たとえば、1つのIPパケットが3つに分割された場合、通常は次のようになります。

Fragment 1: MF = 1
Fragment 2: MF = 1
Fragment 3: MF = 0

最後のフラグメントだけ、MFが0になります。

Fragment Offsetとは

元パケット内での位置を示す値

Fragment Offset は、そのフラグメントが元のIPパケットのどの位置にあったかを示す値です。
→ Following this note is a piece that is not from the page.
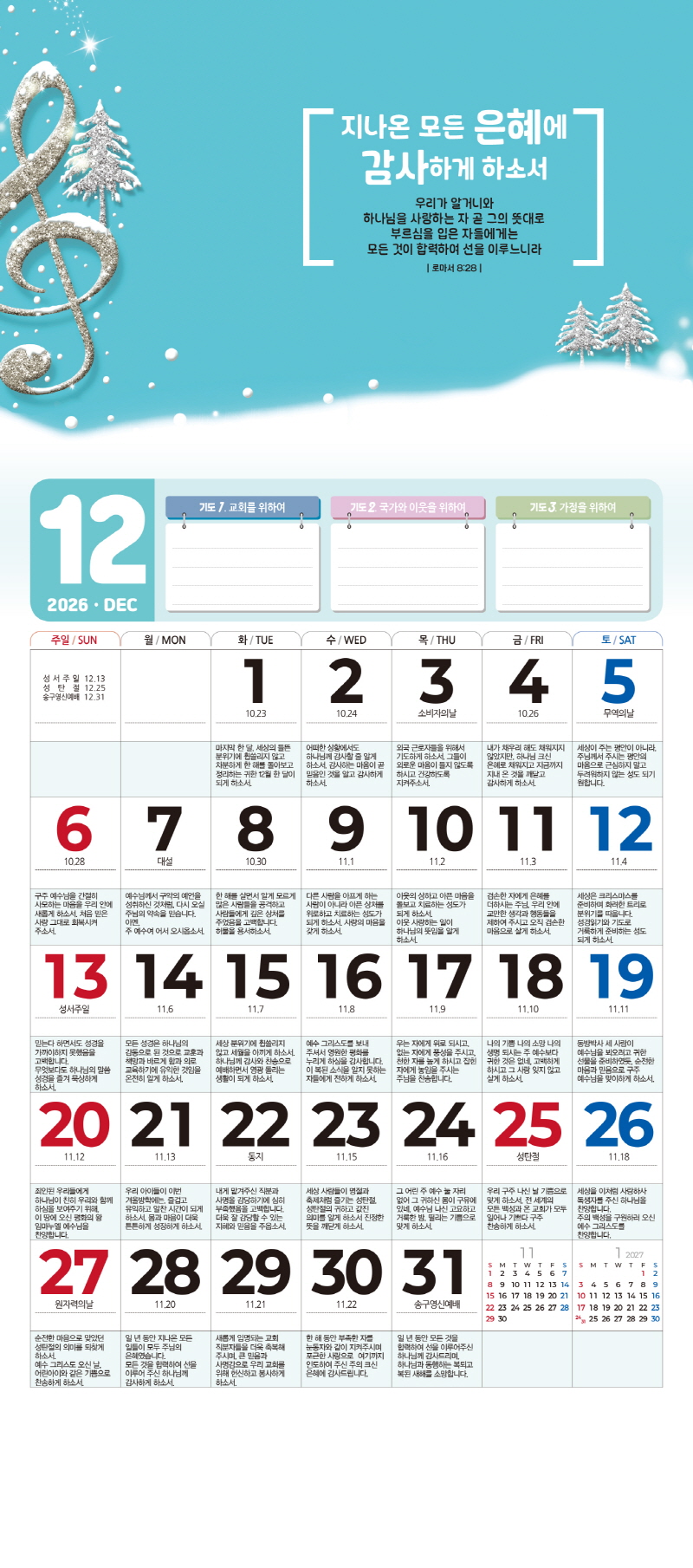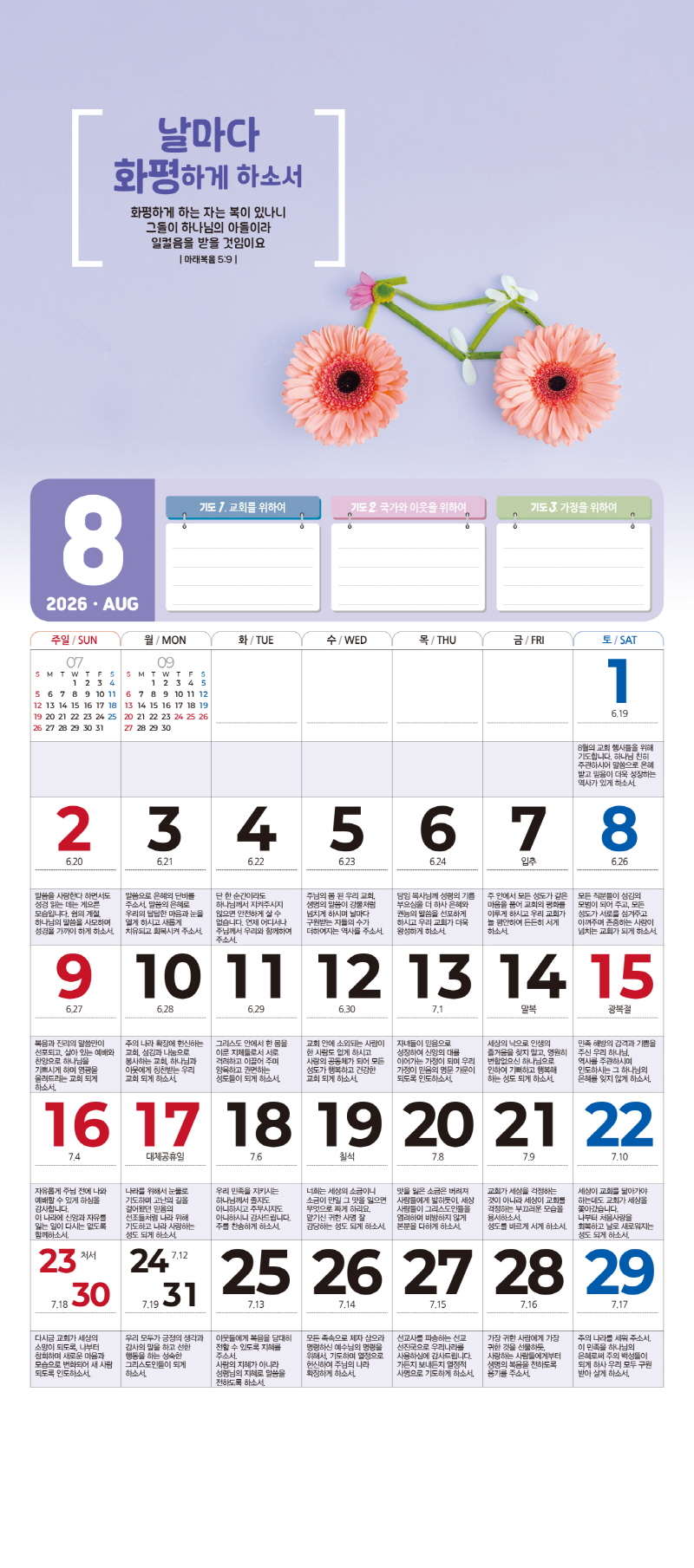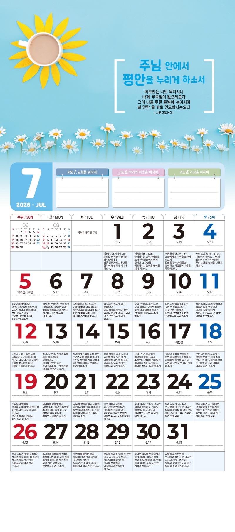 본 캘린더에는 음력, 절후, 교회력이 표기되어 있습니다.
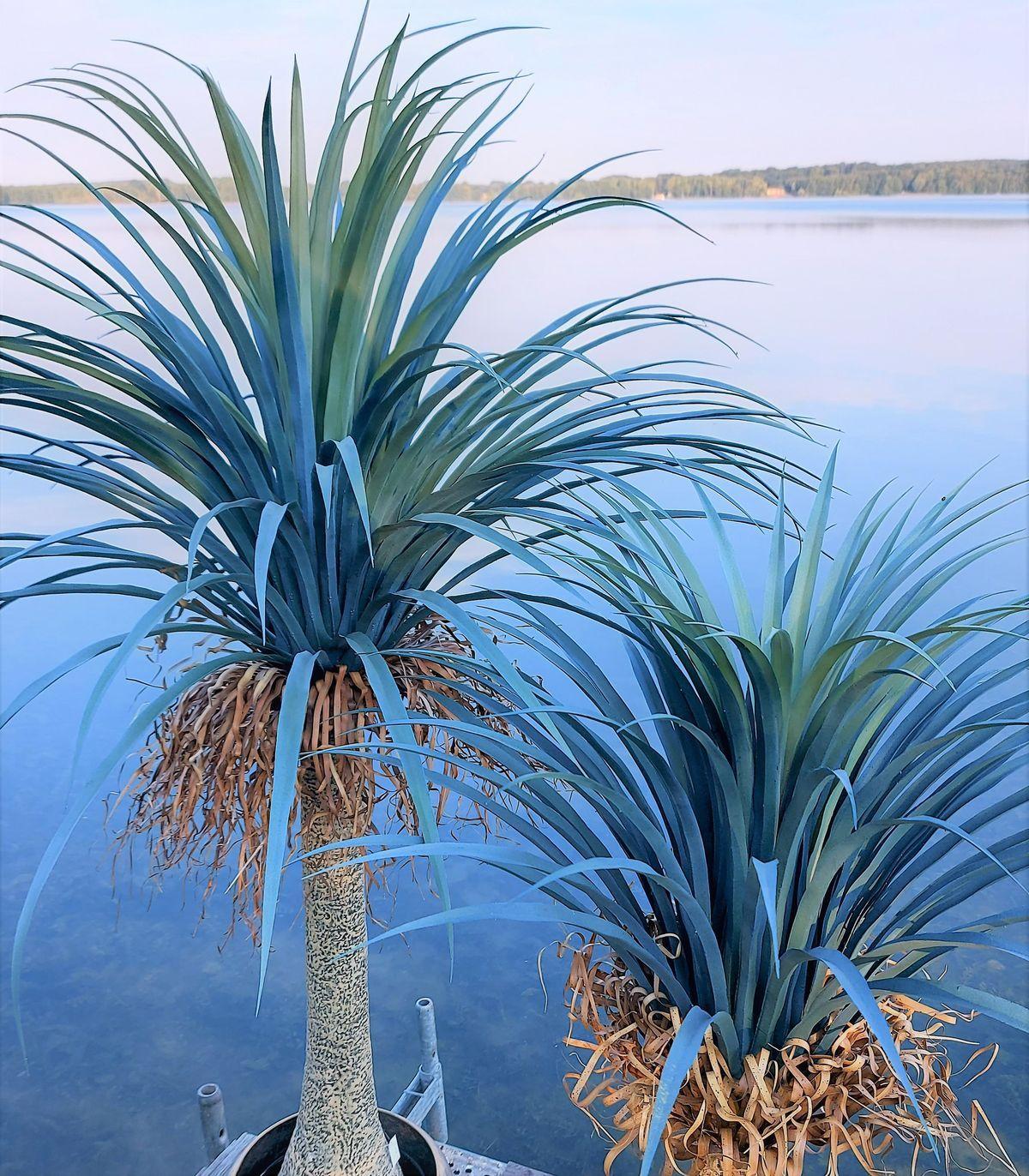- Die langen schmalen Blätter sind auf einem langen kräftigen Stamm befestigt, und sind umringt von verwelkten Blättern

受信側はFragment Offsetを見て、各フラグメントを正しい順番に並べ直します。

Fragment Offsetは8バイト単位

IPv4のFragment Offsetは、8バイト単位 で表されます。

たとえば、最初のフラグメントがIPペイロードを1480バイト持っていた場合、次のフラグメントのOffsetは次のようになります。

1480 ÷ 8 = 185

つまり、

Fragment 1: Offset = 0
Fragment 2: Offset = 185

となります。

この仕様のため、最後以外のフラグメントでは、IPペイロードのサイズが8バイトの倍数になるように調整されます。

IPv4フラグメント化の具体例

MTU 1500バイトで4000バイトのデータを送る場合

IPv4パケットのデータ部分が4000バイトあり、経路上のMTUが1500バイトだとします。

IPv4ヘッダーが20バイトの場合、1つのフラグメントで運べるIPペイロードの最大サイズは次のようになります。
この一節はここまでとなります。